Insertion and removal operations are cumbersome. Starting from the root node, the key value is larger to the left, and the key value is smaller to the right until the end is the insertion point. insert image description here
As shown in the figure, there are two cases for deleting node A. If A has only one child node, connect the child node of A to the parent node of A, and delete A. If A has two children, replace A with the smallest node in the right subtree. (The minimum point of the right subtree is to find the left node from the right node).insert image description here
insert image description here

1.3 Balanced Binary Search Tree

Because the input value is not random enough and other reasons, after some insertion and deletion operations, the binary search tree may be out of balance, resulting in reduced search efficiency, as shown in the figure. , insert image description here
"Balance" roughly means: no node is too deep, different balance conditions create different efficiency performance and different implementation complexity. There are several special structures such as AVL-tree, RB-tree, AA-tree that can implement balanced binary search tree, they are more complex than general binary search tree, therefore, the average time of insertion and deletion is longer, but they can be By avoiding high imbalances, search time is typically reduced by 25%.

1.4 AVL-tree

AVL-tree is a binary search tree with additional balancing conditions. The balancing conditions are established to ensure that the depth of the tree is O(logn). Intuitively, the optimal balance condition is that the left and right subtrees of each node have the same height, but this is too harsh, so AVL-tree requires that the height difference between the left and right subtrees of any node is at most 1.
As shown in the AVL-tree, after inserting node 11, the gray node violates the balance condition of the ATL tree, so adjust the deepest node to rebalance the tree.
insert image description here
Adjust the "insertion point to the root node" path, the deepest one of the nodes after the balance state is destroyed, so that the entire tree can be rebalanced. Assuming that the deepest node is X, since the node has at most two child nodes, the balance is destroyed, which means that the height difference between the left and right subtrees is 2, so there are four cases:
1. The insertion point is located in the left subtree of the left child node of X— - Left and right.
2. The insertion point is located in the right subtree of the left child of X - left and right.
3. The insertion point is in the left subtree of the right child of X - right left.
4. The insertion point is located in the right subtree of the right child node of X - right right.
1 and 4 are symmetrical to each other, and 2 and 3 are symmetrical to each other.
1, 4 are called lateral insertions and are resolved by a single rotation. 2, 3 are called medial insertions and are resolved by double rotation.
insert image description here

1.4.1 Single rotation

As shown in the figure, we want A to increase by 10% and C to decrease by 10%. Lift K1 up, make K2 slide down naturally, and hang the B subtree to the left of K2. The rules of the binary search tree show that k2>k1, so k2 must become the right child node of the new tree k1, and all the B subtrees The key value of the node must be between k1 and k2, so the new tree B must fall to the left of K2.
insert image description here

1.4.2 Double rotation

The left side of the picture shows the unbalanced state caused by the inner insertion, which cannot be solved by a single rotation.
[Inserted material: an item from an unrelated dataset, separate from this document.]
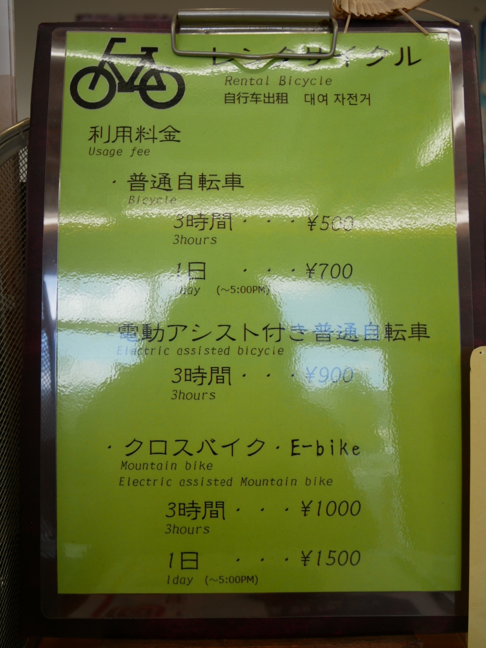 レンタサイクルは電動と普通自転車があり、申し込むとすぐに用意してくれます。

First, we cannot use k3 as the root node. In fact, we cannot make a single rotation of k3 and k1, because the rotation is still unbalanced. The only possibility is that k2 is the new root node, which makes k1 must be called the left child of k2 and k3 must be called the right child of k2. The new tree shape satisfies the equilibrium condition of the AVL-tree, and, like the single rotation case, it restores the height before the node was inserted.
insert image description here

1.5、RB-tree

The red-black tree needs to meet the following rules:
1. Each node is either red or black
. 2. The root node is black
. 3. The node is red. The child nodes must be black
. 4. Any path from any node to NULL must contain black nodes. sameinsert image description here

1.6、hashtable

Binary search trees have log-averaged time performance, but such performance is built on the assumption that the input data is sufficiently random. Hashtable also has "constant average time" performance in operations such as insertion, deletion, and search. This performance is based on statistics and does not depend on the randomness of input elements.
Hashtable can access and delete any named item. Since the operation object is a named item, hash_table is regarded as a classical structure (dictionary), which is intended to provide basic operations of "constant average time", similar to Like stack and queue.
Array search can achieve a search with a time complexity of 0 (1), but there are two problems:
(1) When the range of elements is large, the range of the array is large, and the memory is huge
(2) What if the non-numeric type of string cannot be used as an index
? Avoid using huge arrays: use some kind of mapping function that maps large numbers to decimals, so that mapping an element to an "acceptable size index" is called a hash function (hash function), such as x is any integer, TableSize is the array size, then X%TableSize will get an integer in the range of 0~TableSize-1.
Using the hash function will bring a problem: there may be different elements mapped to the same position, because the number of elements is greater than the capacity of the array, this is the collision problem, and the methods to solve the collision problem include linear detection, secondary detection, open chain, etc.
Linear Probing: Load FactorIt refers to the number of elements divided by the size of the table, and the load factor is always between 0-1, unless an open chain is used. When the hash function calculates the insertion position of an element, and the space at this position is no longer available, the easiest way is to search for the next one in sequence until the available space is found. As long as the table is large enough, one can always be found. Space, search is the same. However, the deletion of elements must be lazy deletion. Only marking the deletion number is not enough for the actual operation. The actual operation waits for the table to be reorganized, because each element in the hash table not only expresses itself, but also affects the arrangement of other elements.
Linear detection worst-case patrols the entire table, average case patrols half the table, and is far from constant time. In fact, unless the new element falls on #4-#7, the position #4-#7 can never be used, and any of the new elements 8, 9, 0, 1, 2, 3 will fall on 3, 3 , 5, 6, and 7 will fall into their respective positions, and the growth rate of the average insertion cost is much higher than the growth of the load factor, which is called
the main group
.
The secondary detection mainly solves the main group problem. Named because the equation F(i) = i^2 that solves the collision problem is a quadratic equation, and if the hashfuction calculates the position of H, we try the trivial H+i in order instead of linear detection.
Using this method, when the table size is a prime number and the load factor is always kept below 0.5, it can be determined that the number of probes required for each insertion of a new element is no more than 2.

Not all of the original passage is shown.